Installing the Kubernetes App¶
You can install Kubernetes using the Kubernetes app located on the Apps page. The app allows you to easily create a data stream token for Kubernetes and provides a seamless experience for the installation.
Figure 1 - The Observe Kubernetes app
Click Create connection to create a token for the data stream and configure the app.
If you prefer to install Kubernetes manually, use the following installation instructions.
Connecting Kubernetes with Kustomize manifests¶
Important
Since Observe kustomize manifests v1.0.0, Observe has reduced the amount of metrics its stack collects by default. To collect Pod metrics and more cAdvisor metrics, see Collecting Pod Metrics and cAdvisor Metrics.

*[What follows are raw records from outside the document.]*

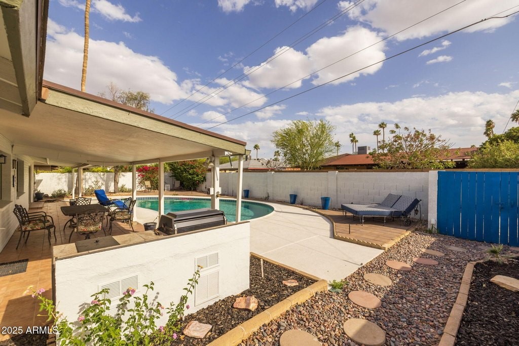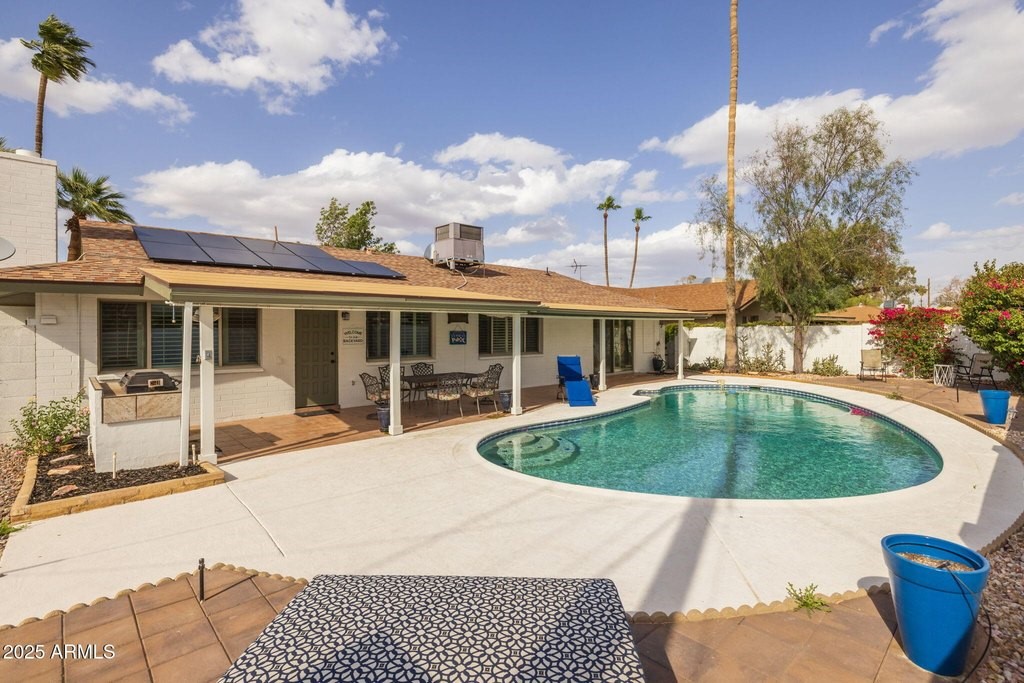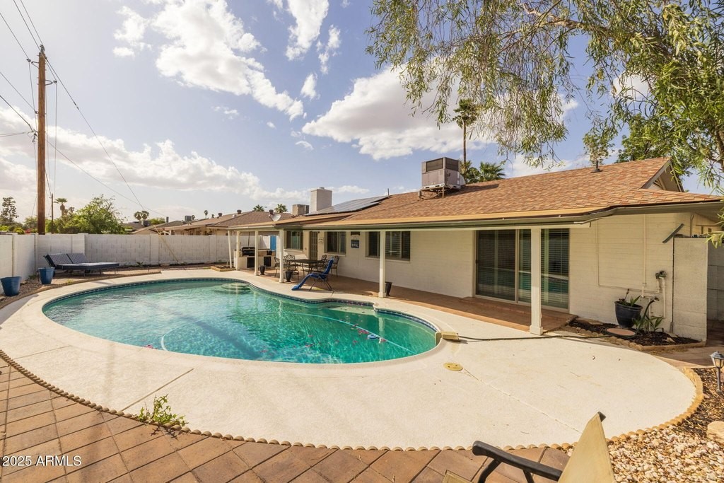 Welcome to this UPDATED 4-bedroom, 2-bathroom house, blending Style, Comfort, & practicality w/ OWNED SOLAR!! Enjoy modern upgrades to include a Gourmet Kitchen -High End GE Cafe Appliances & 36'' 6 Burner Stove, Granite Counters w/ Tasteful Cabinets! New flooring, LED recessed lighting, & Newer Interior & Ext. paint. Essential Updates (2022) water heater & Roof, Enhanced ductwork for optimal heating and cooling. (2024) Security is seamless with an ADT security system! The primary bedroom is your private oasis, with direct access to a refreshing Pebble Tech pool. The insulated 2-car garage offers ample protection for your vehicles, & the backyard is an entertainer's delight w/ misting system & heat-reducing deck. Washer and Dryer Included! Pest, Pool Service Included. Misc Upgrades to List: Wood Shutter Window Coverings, Dimming Switches, Upgraded electrical outlets, Newer Filter & Pool Pump, Automatic Sprinkler System, Misting System, Built In BBQ, Updated Electrical Panel (2022). Refrigerator, Local Conveniences includes, 4 miles to ASU, Easy Access to Major Highways 101, 202, I10 & I60. Banner Medical Center is also a few miles away. Many Restaurants & Entertainment, plus Spring Training fields for your Baseball Enthusiasts! Note: Furnishing May be included or can be removed! at another rate, please inquire 3/6/12Lease available for Furnished options
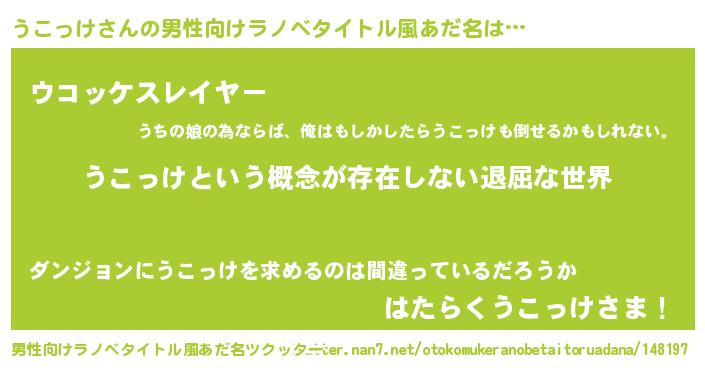 | 女子向けラノベタイトル風あだ名 | 『異世界で失敗しない100のうこっけ』 |
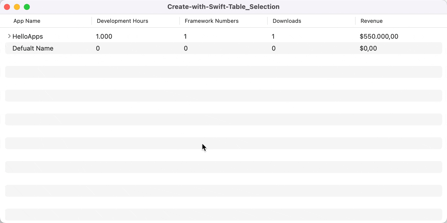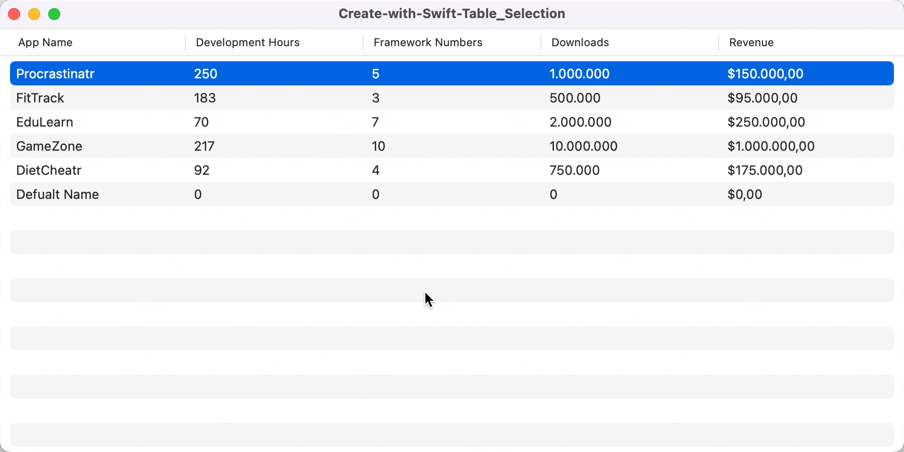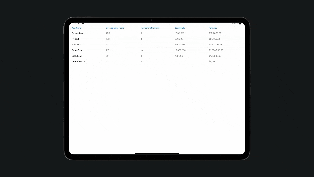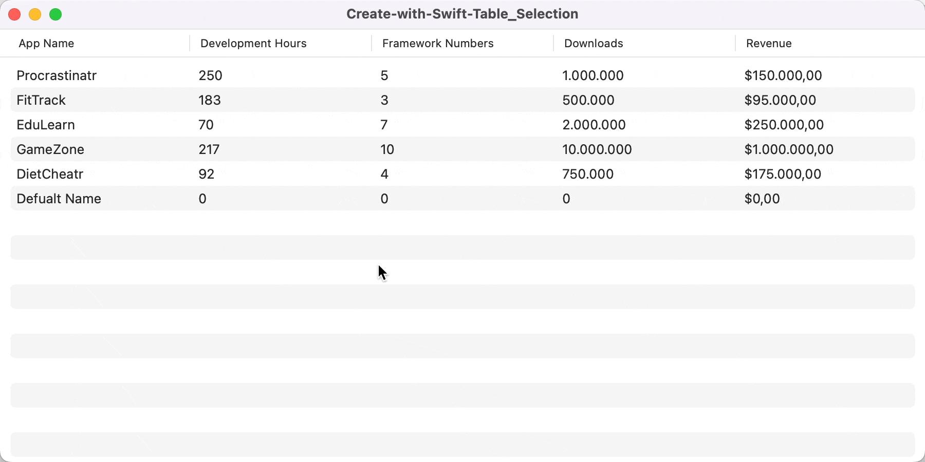 TableRow(Project(appName: "Default Name", developmentHours: 0, frameworkNumbers: 0, downloads: 0, revenue: 0))
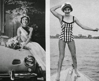 GÜZEL CARMELA'NIN ANNESİ GÜZELLİK KRALİÇESİ OLMASINI İSTEMİYORDU... Haziran ayında güneybatı Almanya'da Kara ormanların tam ortasında bulunan ve Almanya'nın en lüks ve en zarif şehri sayılan Baden-baden'de her yıl olduğu gibi bir güzellik kraliçesi seçimi daha yapıldı. Almanya'nın 12 şehrinden gelmiş güzeller burada boy gösterdiler ve neticede içlerinden birisi kraliçelik tacını giydi. Gel gelelim bu seçimin bundan öncekilere nazaran bambaşka bir özelliği bulunmaktaydı. Jüri karşısına çıkan bir düzine dilberin arasında birinci ilan edilen 19 yaşındaki Carmela Künzel ailesine danışmadan gizlice ünlü kaplıcalar şehrine gelmiş ve burada şansını denemişti. Şayet birinci seçilmese idi mesele yoktu lakin güzeller güzeli ilan edilince iş birden değişiverdi. Öyle ya batı Berlin üniversitesinin İngiliz filolojisi bölümünde uslu uslu okuyan bir kızın muhafazakar ailesinin rızası olmadan bir maceraya atılması kolay hazmedilir bir şey değildi. Kendisine kraliçe seçildikten sonra hediye edilen kar gibi bembeyaz spor araba ile Berlin'deki evinin önünde durunca annesi büsbütün çileden çıktı ama kızı ile için için iftihar etmekten de kendisini alamadı. Carmela Künzel şimdi ikinci mükafatı olan Amerika seyahati için annesini kandırmakla meşgul... Üstte; Sol : 19 yaşındaki üniversite talebesi Carmela Künzel "Miss Germany" ilan edildikten sonra kendisine hediye edilmiş spor arabası ile basın mensuplarına poz verirken görülmekte. Sağ : Siyah saçlı, kahverengi gözlü Carmela Künzel'in piyano ve kitaplarından sonra en çok sevdiği şey spordur. Resimde Carmela su sporu esnasında görülmekte... |
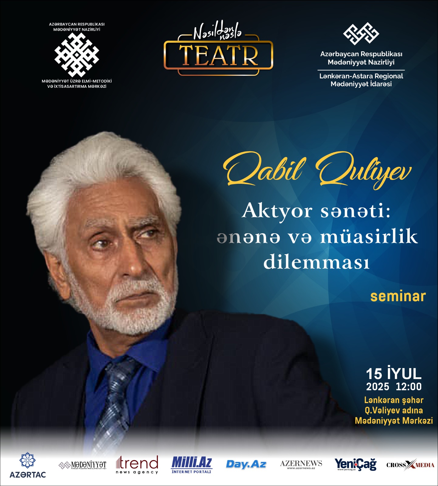 Azərbaycan Respublikası Mədəniyyət Nazirliyinin Mədəniyyət üzrə Elmi-Metodiki və İxtisasartırma Mərkəzinin “Nəsildən nəslə teatr” layihəsinin növbəti seminarı 2025-ci il 15 iyul tarixində Lənkəran-Astara Regional Mədəniyyət İdarəsinin dəstəyi ilə Lənkəran şəhər Q.Vəliyev adına Mədəniyyət Mərkəzində keçiriləcək.
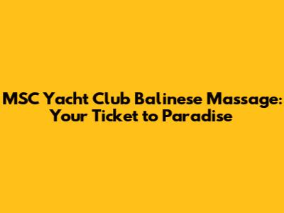 Hey guys! Ever dreamed of a vacation where luxury meets relaxation? Picture this: you're sailing the high seas aboard an MSC Yacht Club ship, and you're about to experience a Balinese massage, the kind that melts away stress and leaves you feeling like a whole new person. Sounds amazing, right? Well, that's exactly what awaits you! In this article, we'll dive deep into the world of the MSC Yacht Club Balinese massage, exploring everything from what it is, where to find it, what to expect, and why it's a must-try experience. So, buckle up, grab a comfy seat, and let's get started on this journey to pure bliss! We will explore the details about the massage and why it is a great experience in the cruise. This article will help you decide to try the treatment and you will have a better understanding of the value.

Proceeding with this step requires an Observe Customer ID and token.
Some Observe instances may optionally use a name instead of Customer ID; if this is the case for your instance, contact your Observe Data Engineer to discuss implementation. A stem name will work as is, but a DNS redirect name may require client configuration.
Observe provides a manifest that installs all the necessary components for collecting telemetry data from Kubernetes. This manifest can be retrieved directly from https://github.com/observeinc/manifests.
The installation process consists of two steps:
kubectl apply -k https://github.com/observeinc/manifests/stack && \
kubectl -n observe create secret generic credentials \
--from-literal=OBSERVE_CUSTOMER=${OBSERVE_CUSTOMER?} \
--from-literal=OBSERVE_TOKEN=${OBSERVE_TOKEN?}
Observe provides this example for illustrative purposes only. In production environments, Observe recommends downloading the manifest separately and tracking changes over time using your configuration management tool of choice. You can use kubectl kustomize <URL>
to generate a static version of the Observe manifest.
By omission, the Observe manifest creates an observe
namespace that contains all of the collection infrastructures. Only then can Observe create a secret containing the appropriate credentials for sending data to Observe.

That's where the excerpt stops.